> **Exercise data**
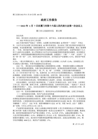 署名文章:2022.01.25厦门市人民政府市长黄文辉:政府工作报告
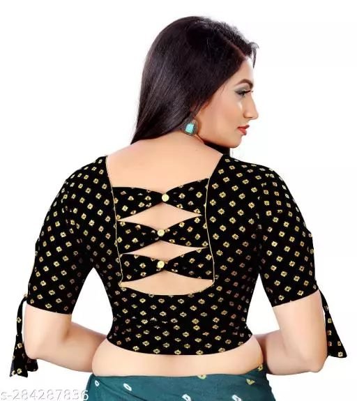 This Very Beautiful lycra stretchable, Designer tie back foil printed blouse with cold shoulder sleeves. Cold Shoulder Blouse: This blouse design has cut-outs at the shoulders, exposing a small section of skin.
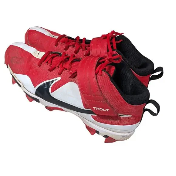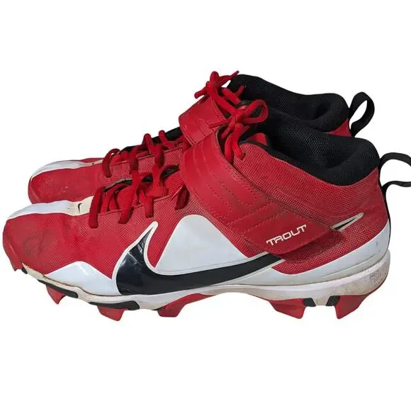 Nike Cleats Force Trout 7 Fastflex Keystone Mens Size 12 Red Baseball Mid High Top CT0831-602Size: Mens 12 (US) / 46 (EU)Color: Red, White, BlackFastflex sole for superior tractionMid-to-high top for ankle supportLace-up closure with pull tabs for easy wearCONDITION:Pre-owned. Fair condition with some wear/scuffs and markings. Review photos for details.PACKED WITH CARE:Ensuring safe transportation with careful packing.SHIPPING:Swift shipping! Same or next business day.CONTACT:Reach out with questions. We´ll reply ASAP, even during TV binge-watching.ABOUT US:A family-owned and couple-run small business. She was born in a vibrant African village, while he hails from the USA. Together, they curate a collection of treasures from around the world.Discover vintage curiosities, statement pieces for your home, rare gems, and the delightfully odd. Lose yourself in untold stories of rare books or nostalgic collectibles. Fashion, Home Decor, Rare books, African Art, Christmas, Nutcrackers, Sculptures, Collectibles, and more.

> **What you should do**
Starting with the opening line of the listing, write out each line exactly until the line that contains "This Very Beautiful" has been included; skip the pictures.

> **Response to the task**
 署名文章:2022.01.25厦门市人民政府市长黄文辉:政府工作报告
 This Very Beautiful lycra stretchable, Designer tie back foil printed blouse with cold shoulder sleeves. Cold Shoulder Blouse: This blouse design has cut-outs at the shoulders, exposing a small section of skin.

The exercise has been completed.